ACI (Azure Container Instances) is a solution for any scenario that can operate in isolated containers, including simple applications, task automation, and building jobs. Some of its benefits are fast startup, container access, and hypervisor level security. customer data, custom sizes, persistent storage for the state, and working with both Linux and Windows containers.

User Authentication and Authorization

The Microsoft Identity Platform helps your users and customers sign in and get authorized access to use your or Microsoft APIs. The components that make up the Microsoft Identity Platform are OAuth 2.0 and OpenID Connect standard-compliant authentication service, Open-source libraries (MSAL), Application management portal, Application configuration API and PowerShell.

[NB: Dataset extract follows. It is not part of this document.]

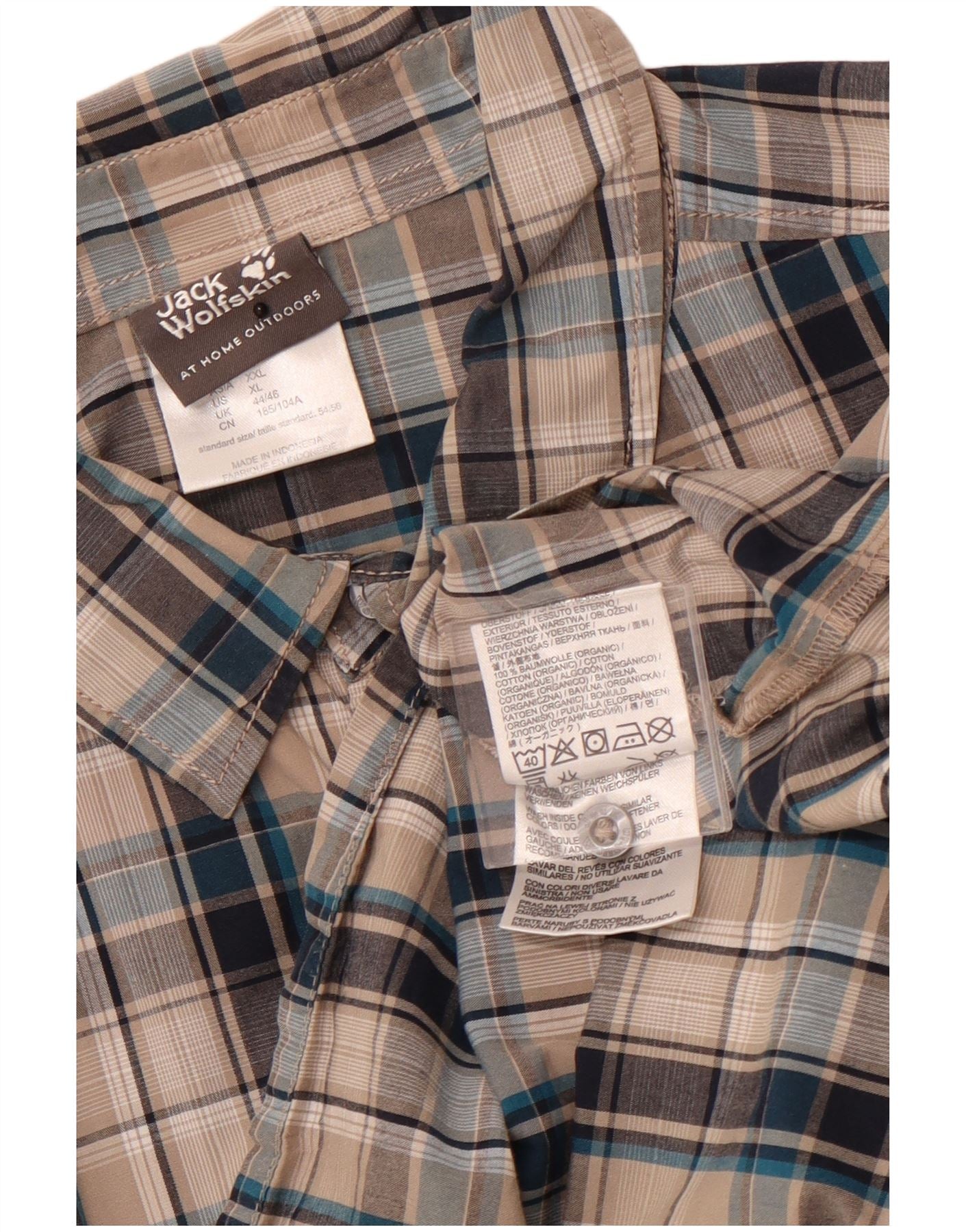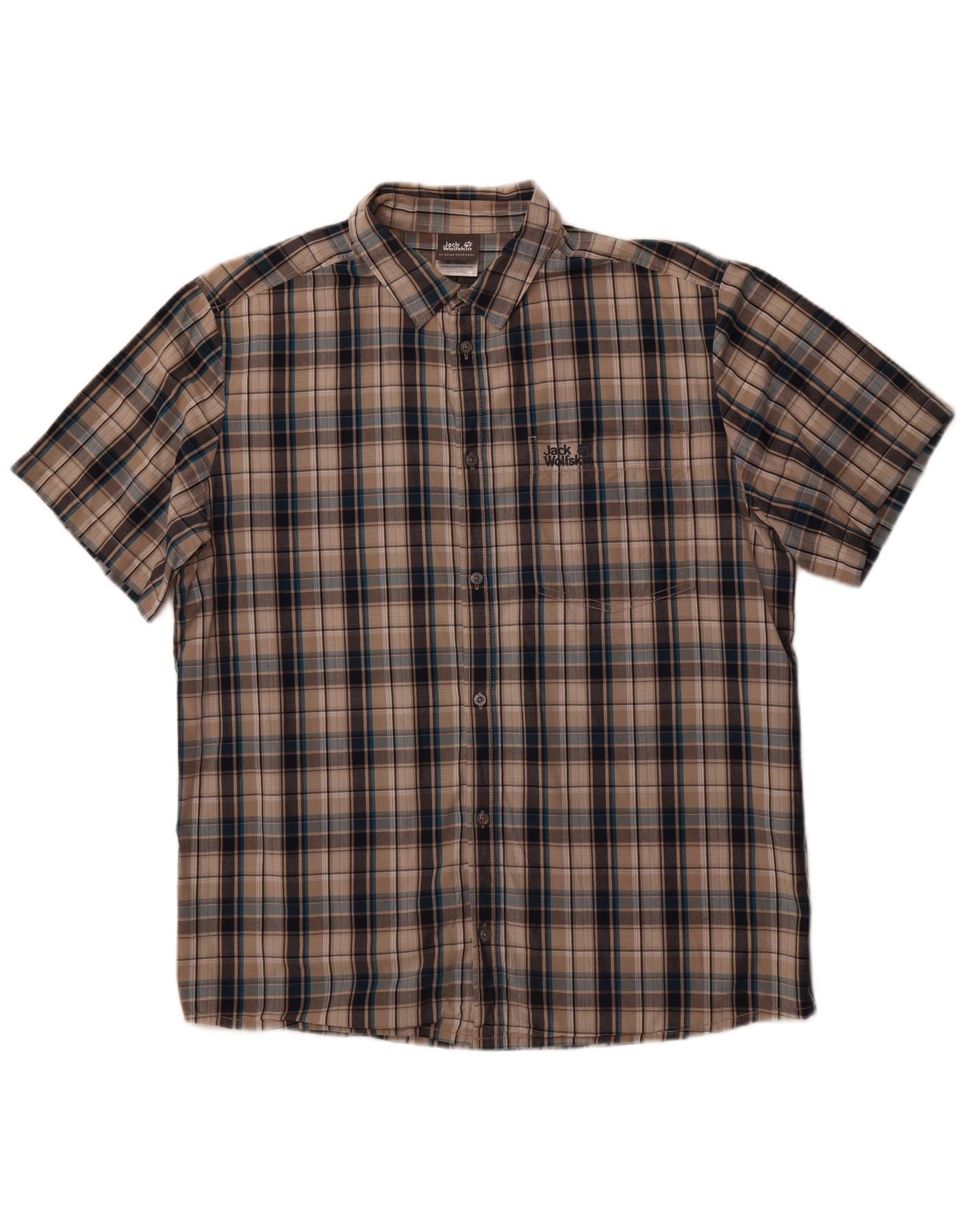 JACK WOLFSKIN Mens Short Sleeve Shirt Size 44/46 XL Grey Check Cotton

To be able to delegate Identity and Access Management functions to Azure Active Directory, an application must be registered with an Azure AD Tenant. It can be registered either as a Single Tenant or as a Multi-tenant application. Once you register your application in the portal, an application object and a service principal are created automatically. An application object is used as a blueprint to create one or more service principal objects. A service principal is created in every tenant where the application is used. The security principal defines the access policy and permissions for the application in the Azure AD tenant. This enables core features such as authentication of the application during sign-in, and authorization during resource access. There are three types of the service principal. Application, which is the local representation of a global application object in a single tenant or directory. Managed identity, which provides an identity for applications to use when connecting to resources that support Azure AD authentication and Legacy which is an app created before app registrations were introduced or an app created through legacy experiences.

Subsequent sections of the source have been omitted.